Boris, con un gesto, invita a Ana al patio. Sale, pero regresa en un minuto, enfadada. La madre, al ver que la tensión aumenta, las invita a sentarse a la mesa y les sirve un vaso de aguardiente. Las chicas ríen:
¿Qué, en la capital no se bebe a nuestra edad? ¡Somos demasiado jóvenes para el licor!

Y lo beben.

Al volver a casa, la curiosidad lleva a Ana a preguntar a su hermana:
¿De qué hablaste con papá en el patio?
Nada, solo me ofreció dinero. ¿Querías comprar la libertad? No lo acepté. Además, no me gustó este padre ¿Te has fijado? Se llama se indigna Ana.

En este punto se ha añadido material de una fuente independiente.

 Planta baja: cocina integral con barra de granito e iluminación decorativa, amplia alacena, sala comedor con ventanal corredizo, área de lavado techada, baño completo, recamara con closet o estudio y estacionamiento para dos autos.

Goya, curiosa, interroga a las nietas:
¿Cómo lo recibieron? ¿Qué les dieron de comer? ¿Debo contarle a Fernando y a Olga?

Ana contesta sin rodeos:
Aparte de mi padre Fernando, no tengo otro.

Desde entonces, guarda rencor a su madre. La culpa a Olga por haber temido al murmullo de la gente. La recrimina por haber entregado a su hija al orfanato.

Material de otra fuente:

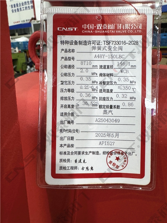 在石油化工、電力、制藥等行業(yè)的高壓蒸汽系統(tǒng)中,安全閥是保障設(shè)備安全運(yùn)行的最后一道防線。雙泰安全閥工廠A48Y-150LBC 8T10 帶扳手彈簧全啟式安全閥嚴(yán)格遵循 API Std 526、API RP 520 及 ASME VIII 國際標(biāo)準(zhǔn),專為蒸汽介質(zhì)設(shè)計(jì),確保在超壓工況下快速響應(yīng),精準(zhǔn)泄放,保護(hù)關(guān)鍵設(shè)備安全。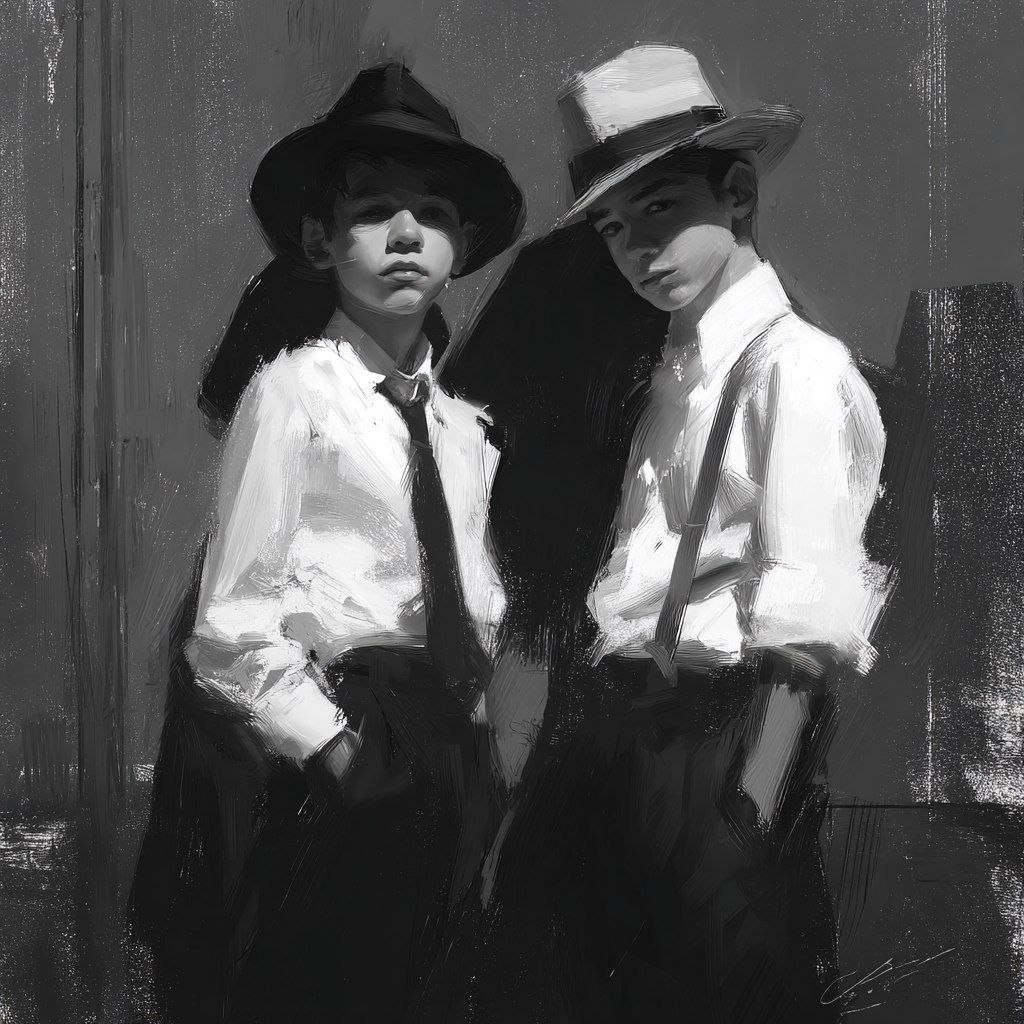 Capture a bold, cinematic mood with this Mafia Kids Sketch, featuring two young characters in a full-body composition inspired by a 1920s American city setting. Rendered in a minimalistic black and white ink style with expressive, high-contrast brushwork, the artwork channels a vintage noir atmosphere.

Olga, toda su vida, repite:
¡Perdóname, Aneka, por ser una madre torpe!

Los años siguen su curso. Ana y Lucía crecen, se casan. Ana tiene dos hijos; el mayor lleva el nombre de Boris, como homenaje a su abuelo.

¿Y Boris? No ha olvidado a Olga. A veces la visita en Madrid. Olga asiste a esos escasos encuentros, con todo el glamour que puede permitirse, para que él vea que vive bien, sin necesidad de él. No le cuenta que Ana, durante diez años, le prohibió ver a los nietos, y que ella misma tampoco mantiene contacto. Los pecados del pasado proyectan largas sombras.

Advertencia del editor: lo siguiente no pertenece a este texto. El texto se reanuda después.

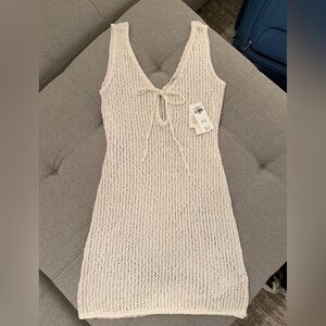 Stay stylish at the beach with this elegant cream knit swim cover-up. Perfect for adding a touch of sophistication to your swimwear ensemble.
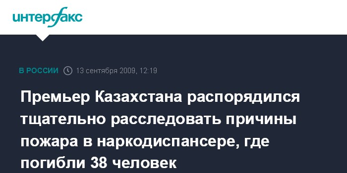 Премьер Казахстана распорядился тщательно расследовать причины пожара в наркодиспансере, где погибли 38 человек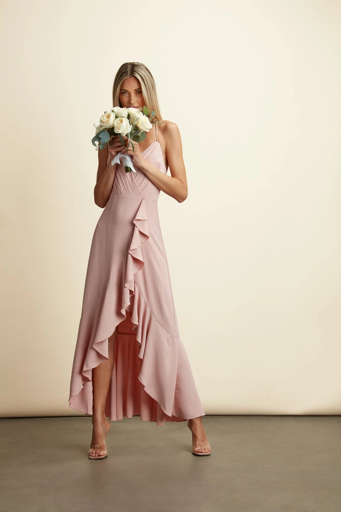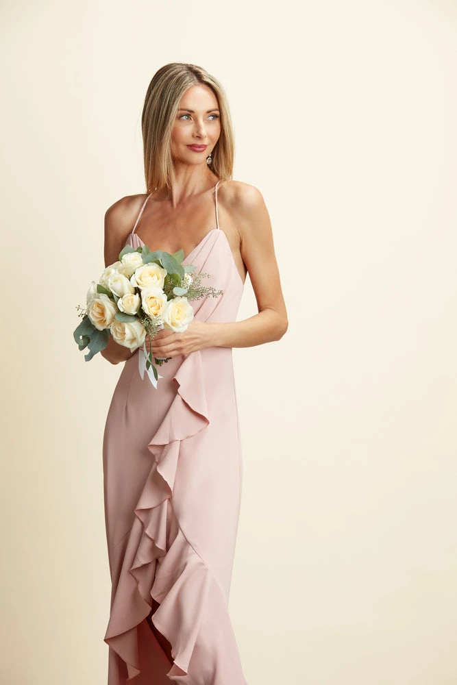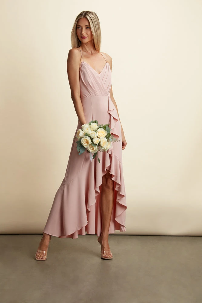 Make an entrance in this stunning gown! Perfect for a bridesmaid, a wedding guest, or for a fancy Summer brunch. Loose ruffles grace this hi-low skirt, complimented with a soft v-neckline, subtle pleats on the bodice and criss-cross straps. Fully lined, back zip. Dry clean only.

Olga sufre, pero su consuelo es su marido, Fernando. Él ve en ella un sol sin manchas, nunca la culpa, ni con la mirada ni con la palabra. Antes de su boda, solo bromeó:
Una mancha en la manzana roja no es culpa del árbol.

Desde entonces, Olga se aferra a Fernando con el alma. No podía no amar a un hombre así.

Llegan a su aniversario de bodas de oro. Los hijos, nietos y bisnietos llegan a felicitarlos.

En medio del festejo, Ana se acerca a Olga, con lágrimas en los ojos, y le dice:
Perdóname, madre, por todo. No tuve derecho a juzgarte.

Boris, por teléfono, también envía sus saludos:
No llegaré a la boda de oro. Llevo diez años con mi última esposa; la cuarta es la que tengo ahora. Perdóname, Olga. Todavía no entiendo por qué, como tonto, te rechacé.

Olga lo interrumpe:
No sigas, no es necesario. Si lo rechazaste, es porque no me amabas. Imagínate, soy muy feliz. Claro, pagué por mis errores de juventud, pero ahora tengo todo: mi Fernando, mi familia. No te culpo. Ya te perdoné hace tiempo.

Y así, despide a Boris, cerrando el capítulo de aquel amor maldito.